When you hear "assisted living" or "nursing home," you probably assume that they are one and the same thing. Actually, there are significant differences that define assisted living and separate it from total nursing care, which is typically what patients receive in a nursing home. To help clear up this confusion, the major differences between the two are as follows.

Assisted Living

With assisted living, the person or persons residing in a residential care facility (or their own homes) are able to walk, talk, and essentially take care of most things themselves. There are a few things they need help with. 

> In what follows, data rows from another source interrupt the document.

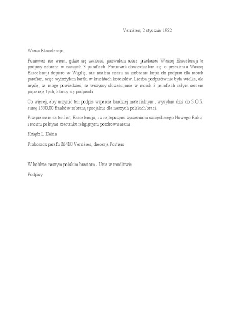 Kolekcja: Archiwa > Francuskie listy do księdza kardynała Józefa Glempa z okresu stanu wojennego > 36-13033-13082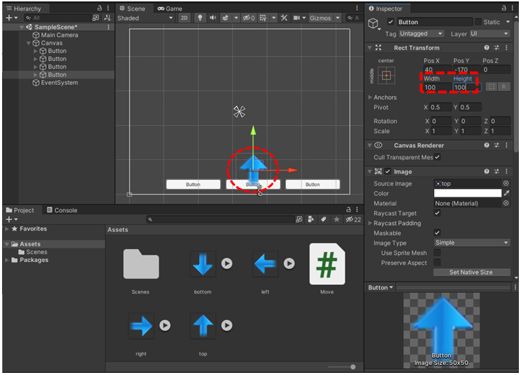 위 버튼 게임오브젝트에 위 화살표 이미지가 보입니다. 위 화살표 게임오브젝트의 크기를 조정하기 위해서 Inspector > Rect Transform의 Width, Hight를 100, 100을 변경합니다.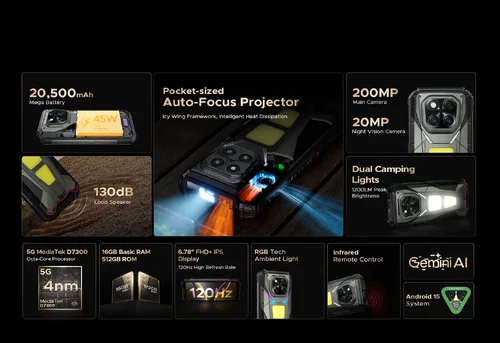 20,500mAh Mega Battery & 45W Fast Charging – Stay powered up with the massive 20,500mAh battery, and enjoy fast recharging with 45W fast charging for long-lasting use during outdoor and daily activities.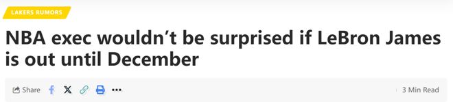 曝詹姆斯可能缺席至12月!NBA高管:他的身体恢复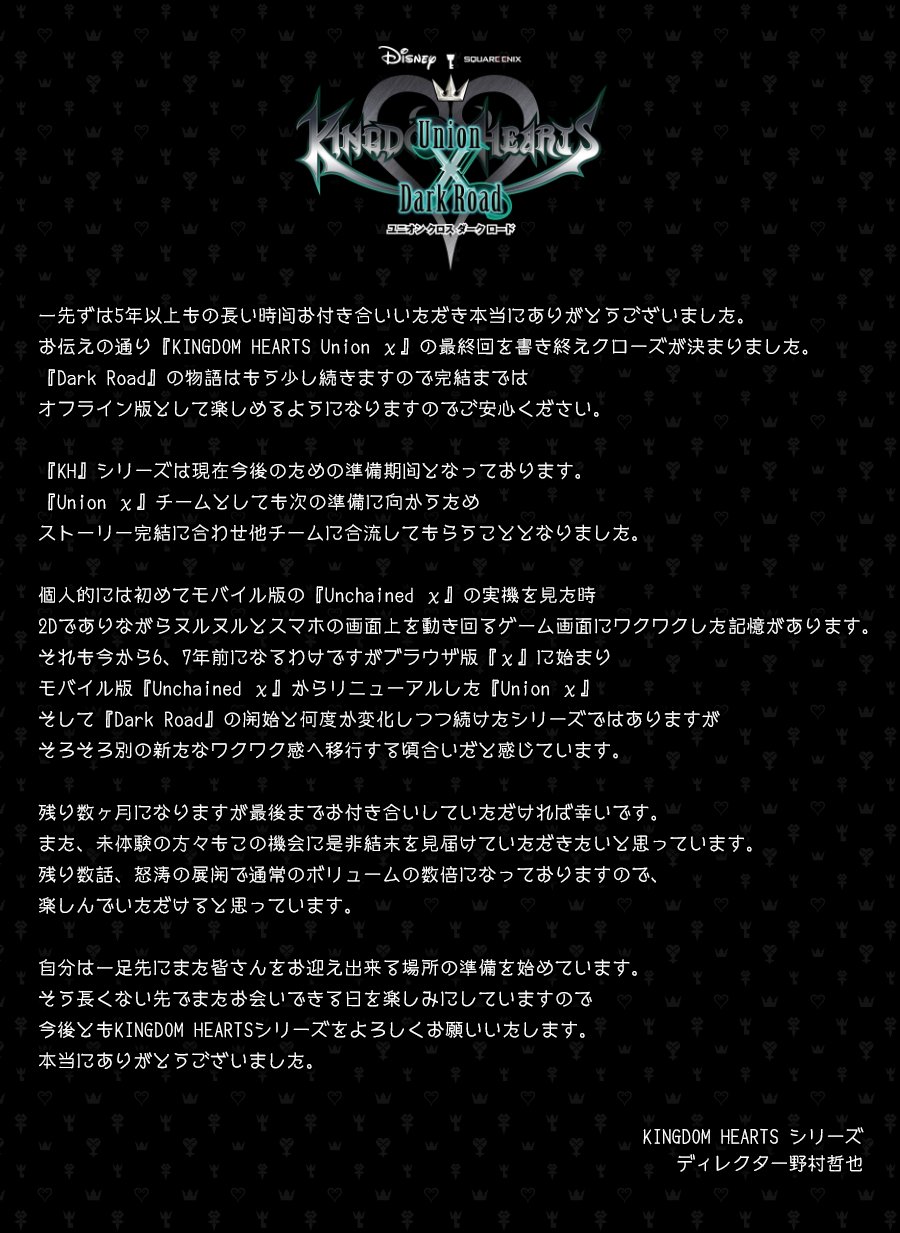 これにともない、『KINGDOM HEARTS Union χ Dark Road』は、2021年4月30日(金) 10:00に運… https://t.co/nmD3LvXFR0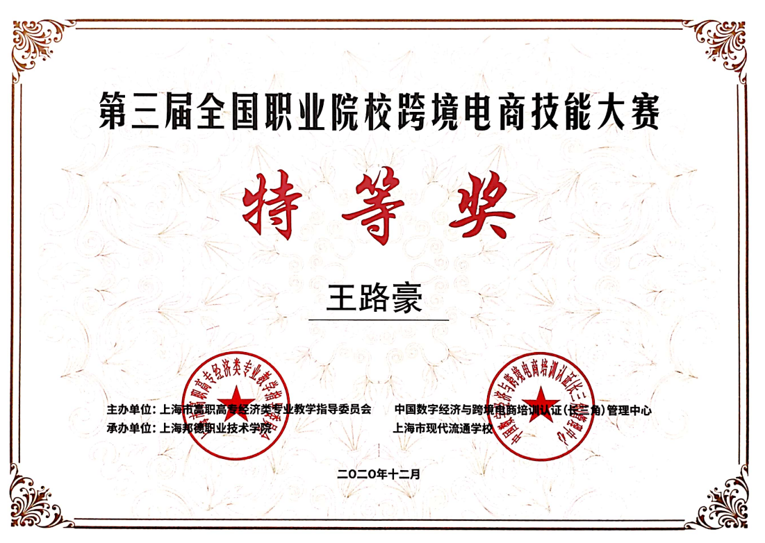 12月26日,由上海市高职高专经济类专业教学指导委员会、中国数字经济与跨境电商培训认证(长三角)管理中心主办,上海邦德职业技术学院、上海市现代流通学校承办,上海市宝山区职业教育集团、上海跨境电子商务生态联盟、上海电子信息职业技术学院、上海百联职业技术学校协办的“第三届全国职业院校跨境电商技能大赛”在上海邦德职业技术学院圆满收官!。

Assistance is provided if the elderly person:

  • Cannot cook a meal without endangering him/herself
  • Has severe arthritis in the shoulders and cannot wash his/her own hair or body
  • Forgets to take medications or takes the wrong medications at the wrong time of day
  • Needs help keeping a tidy environment
  • Needs help getting groceries
  • Needs companionship due to possible wandering risks
  • Needs some assistance getting dressed, but generally can do most of the task him/herself

The rest of the time, the elderly person in assisted living is able to do lots of other things, including participating in residential activities and moving about on his/her own.

Total Nursing Care and Nursing Homes

Nursing homes may provide assistance to patients recovering from major hip and knee surgery, but generally, they are total-care facilities. This means that most of the people living in the facility are unable to do most daily living activities themselves. 

Patients living in a nursing home:

  • Cannot bathe themselves at all
  • Cannot care for their personal and oral hygiene if left alone to do it
  • Cannot go to the bathroom without assistance
  • Need help changing their incontinence briefs and cleaning up
  • May need to be fed or are on feeding tubes
  • Cannot dress themselves without extensive help
  • Cannot be relied upon to take their own pills
  • Cannot remember days and times without assistance
  • Cannot move about without help (e.g., wheelchair-bound or require a gait belt for walking to prevent falls)

Patients who require this level of care are often at the end stages of life. Their families have placed them in a nursing home for their own safety and because the families cannot care for their elderly themselves. When you have an elderly parent or relative who cannot be left alone and may end up injured, wandering the street, or worse, it is time to consider nursing home care instead of assisted living.